IS IT POSSIBLE TO GET MY BURNT OUT BUBBLE LIGHTS TO SHINE AGAIN? HOW? Yes, it is certainly possible to repair your burnt out bubble lights! First,  you have to have a supply of replacement lamps. These are special lamps, miniature base with long threads and a flat topped glass envelope. They are no longer made, but you can occasionally find them for sale on eBay or you can contact Paul at he has a small supply of the lamps for sale. (Click on the picture to enlarge.) As for the replacement procedure, here we go:

Please do remember that there are MANY different types of bubble lamps out there, and that the information provided here should be adapted to your particular model.
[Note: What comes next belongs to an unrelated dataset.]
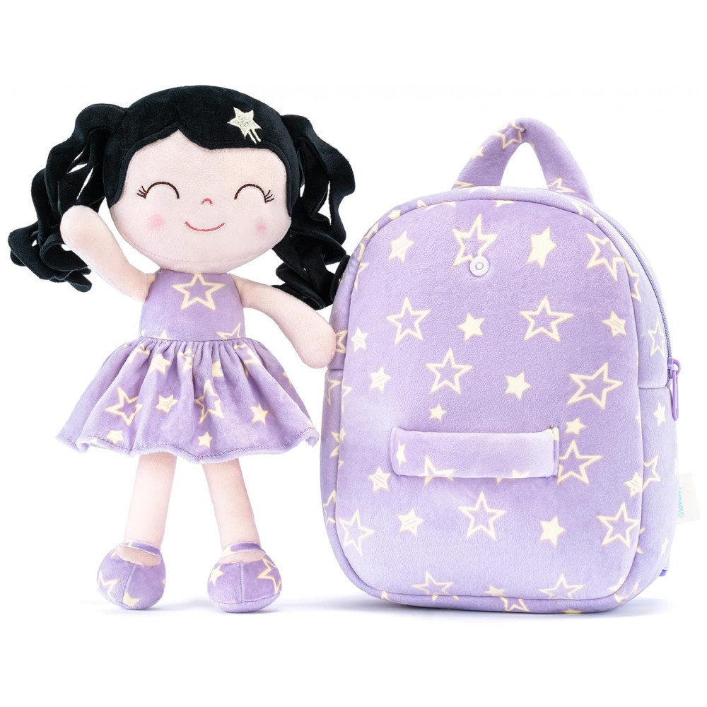 Modelo: Gloveleya Toddler Backpacks Curly Hair Plush Figures Dress Backpack Kids Backpack Curly Hair Spring Girl – Black Head Purple Star 9 inches

We'll discuss several types, beginning with the most popular-the NOMA miniature-base series type Biscuit.

To begin, have on hand a supply of the proper replacement lamps, along with a sharp razor-type knife (X-Acto or something similar), a sharp pencil, household pliers, some common modeler's glue (I use Testor's), a small tube of 100% silicone caulking or sealant, a few small rubber bands, a nine volt battery and a bowl of hot (but NOT boiling) tap water. An old washcloth will come in handy as well.

We'll attack the NOMA biscuit first, remembering that with a little creativity, these procedures are applicable to most of the other cemented-together type bubble bases as well. The first requirement is to remove the bubble tube from the unit. Sometimes, it will already be loose, or else a very gentle rocking back and forth will loosen it. Failing this, grab that bowl of water and put your bubble light in it for about ten minutes or so. Don't worry, it will not harm anything, and in fact you'll probably get to see the bubble tube boil merrily away just from the heat of the water! The heat and water will soften the glue that is used the seal the tube and lamp together. When you remove the unit from the water, you'll find that the tube will exit the base with little effort. While the glue is still soft, clean the tube gently with the wash cloth to remove all traces of adhesive, and clean out the hole in the base of the "shell" as well.
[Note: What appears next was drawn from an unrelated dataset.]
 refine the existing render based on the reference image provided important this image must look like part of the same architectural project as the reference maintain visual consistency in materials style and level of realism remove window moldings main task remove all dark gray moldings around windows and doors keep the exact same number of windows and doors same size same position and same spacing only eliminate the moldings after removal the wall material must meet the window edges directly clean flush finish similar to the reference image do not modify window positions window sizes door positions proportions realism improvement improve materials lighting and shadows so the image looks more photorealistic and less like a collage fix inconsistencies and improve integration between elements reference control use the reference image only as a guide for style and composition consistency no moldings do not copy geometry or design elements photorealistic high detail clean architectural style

Now for the worst part-separating the two halves of the bubble light shell. This shell is of course plastic, cellulose acetate to be exact. Being quite soft, applying pressure to the joint between the two halves with an X-Acto knife will not produce satisfactory results. The halves will come apart, but with a ragged, uneven edge that will be quite unsightly. To work around this problem, put the shell in your freezer for 15 minutes! Freezing will harden the soft plastic, and you'll most often get a nice, clean break. To accomplish this, remove the shell from the freezer and immediately put the sharp point of your knife into the seam between the two halves. A gentle twist of the knife will result in a sharp crack, and the halves will have separated cleanly. Sometimes you'll find it necessary to finish the job by hand, gently pulling the halves completely apart. The key here is to do the separating while the shells are still frozen.

The worst part is over! Now, remove the old light bulb from the bottom half of the shell. Sometimes it will be loose, and a gentle push from the bottom pops the lamp out. Other times, you'll find that the factory has melted the lamp into the base, and it will not easily come out. A gentle twist with a pair of pliers will loosen it, and pressure applied to the lamp by putting the base on the washcloth and quickly pushing down on the shell will remove the little devil quite nicely. Insert your new lamp, being sure to align the little blob of solder on the side of the threads with the cut out in the base made to let the lamp seat fully. Seal the lamp in place with a small  bead of silicone caulking or sealant, being certain not to block any ventilation holes in the bottom of the shell. allow the unit to cure for several hours while you work on other bubblers. At this point, it will be wise to test the lamp for proper operation with a nine volt battery. Touch the bottom tip of the light to one terminal of the battery, then lean it over so that the brass threaded portion will touch the other contact of the battery. If all is well, you'll be rewarded with a cheerful glow from your new lamp!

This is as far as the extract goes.